### Task to carry out
For this exercise, return only the lines in the records below from the one holding "Shia LaBeouf Autographed" through the one holding "PINTA XL ISOTRONIC", including both, exactly as they appear and without pictures.

### Given entries
Segment Open
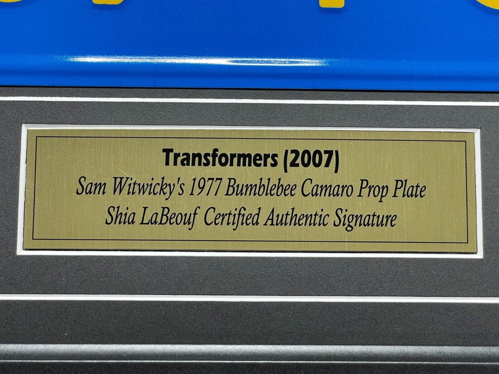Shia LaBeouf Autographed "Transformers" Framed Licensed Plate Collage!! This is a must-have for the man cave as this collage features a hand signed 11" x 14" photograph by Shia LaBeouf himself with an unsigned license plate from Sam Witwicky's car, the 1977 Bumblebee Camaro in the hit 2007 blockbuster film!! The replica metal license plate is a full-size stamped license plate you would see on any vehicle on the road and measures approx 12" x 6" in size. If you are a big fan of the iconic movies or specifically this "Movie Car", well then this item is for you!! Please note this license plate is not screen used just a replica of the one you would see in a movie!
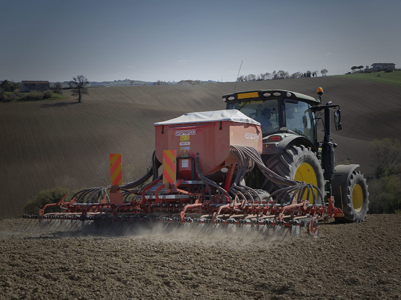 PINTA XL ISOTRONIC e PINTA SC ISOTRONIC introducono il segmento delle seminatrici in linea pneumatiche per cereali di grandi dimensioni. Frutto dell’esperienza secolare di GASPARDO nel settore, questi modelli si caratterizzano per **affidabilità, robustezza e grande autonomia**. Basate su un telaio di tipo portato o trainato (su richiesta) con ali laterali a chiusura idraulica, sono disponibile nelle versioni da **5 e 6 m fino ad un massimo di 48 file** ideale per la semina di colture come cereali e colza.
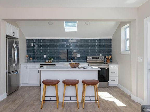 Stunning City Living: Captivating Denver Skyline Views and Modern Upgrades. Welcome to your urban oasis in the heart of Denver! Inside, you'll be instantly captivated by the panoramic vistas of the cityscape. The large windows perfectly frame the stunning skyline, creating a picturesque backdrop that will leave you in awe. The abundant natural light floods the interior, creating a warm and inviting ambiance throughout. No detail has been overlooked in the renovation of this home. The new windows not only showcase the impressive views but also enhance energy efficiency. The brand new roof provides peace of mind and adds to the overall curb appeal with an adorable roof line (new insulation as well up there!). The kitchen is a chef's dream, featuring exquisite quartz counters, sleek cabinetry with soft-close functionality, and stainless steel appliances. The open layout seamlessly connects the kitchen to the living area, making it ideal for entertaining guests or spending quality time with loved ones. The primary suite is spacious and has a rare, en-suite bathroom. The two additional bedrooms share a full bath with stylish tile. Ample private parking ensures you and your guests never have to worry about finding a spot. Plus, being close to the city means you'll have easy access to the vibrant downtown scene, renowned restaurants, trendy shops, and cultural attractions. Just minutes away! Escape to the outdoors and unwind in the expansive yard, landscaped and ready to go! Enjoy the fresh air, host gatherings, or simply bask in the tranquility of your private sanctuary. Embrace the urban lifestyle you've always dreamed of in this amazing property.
Segment Closed
Segment Open
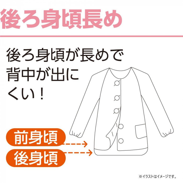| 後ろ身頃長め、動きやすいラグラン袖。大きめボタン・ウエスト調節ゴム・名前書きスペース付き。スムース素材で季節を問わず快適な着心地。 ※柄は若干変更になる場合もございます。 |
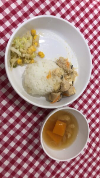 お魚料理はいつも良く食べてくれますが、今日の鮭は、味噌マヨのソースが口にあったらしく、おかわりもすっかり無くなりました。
Segment Closed
### Solved problem
Shia LaBeouf Autographed "Transformers" Framed Licensed Plate Collage!! This is a must-have for the man cave as this collage features a hand signed 11" x 14" photograph by Shia LaBeouf himself with an unsigned license plate from Sam Witwicky's car, the 1977 Bumblebee Camaro in the hit 2007 blockbuster film!! The replica metal license plate is a full-size stamped license plate you would see on any vehicle on the road and measures approx 12" x 6" in size. If you are a big fan of the iconic movies or specifically this "Movie Car", well then this item is for you!! Please note this license plate is not screen used just a replica of the one you would see in a movie!
 PINTA XL ISOTRONIC e PINTA SC ISOTRONIC introducono il segmento delle seminatrici in linea pneumatiche per cereali di grandi dimensioni. Frutto dell’esperienza secolare di GASPARDO nel settore, questi modelli si caratterizzano per **affidabilità, robustezza e grande autonomia**. Basate su un telaio di tipo portato o trainato (su richiesta) con ali laterali a chiusura idraulica, sono disponibile nelle versioni da **5 e 6 m fino ad un massimo di 48 file** ideale per la semina di colture come cereali e colza.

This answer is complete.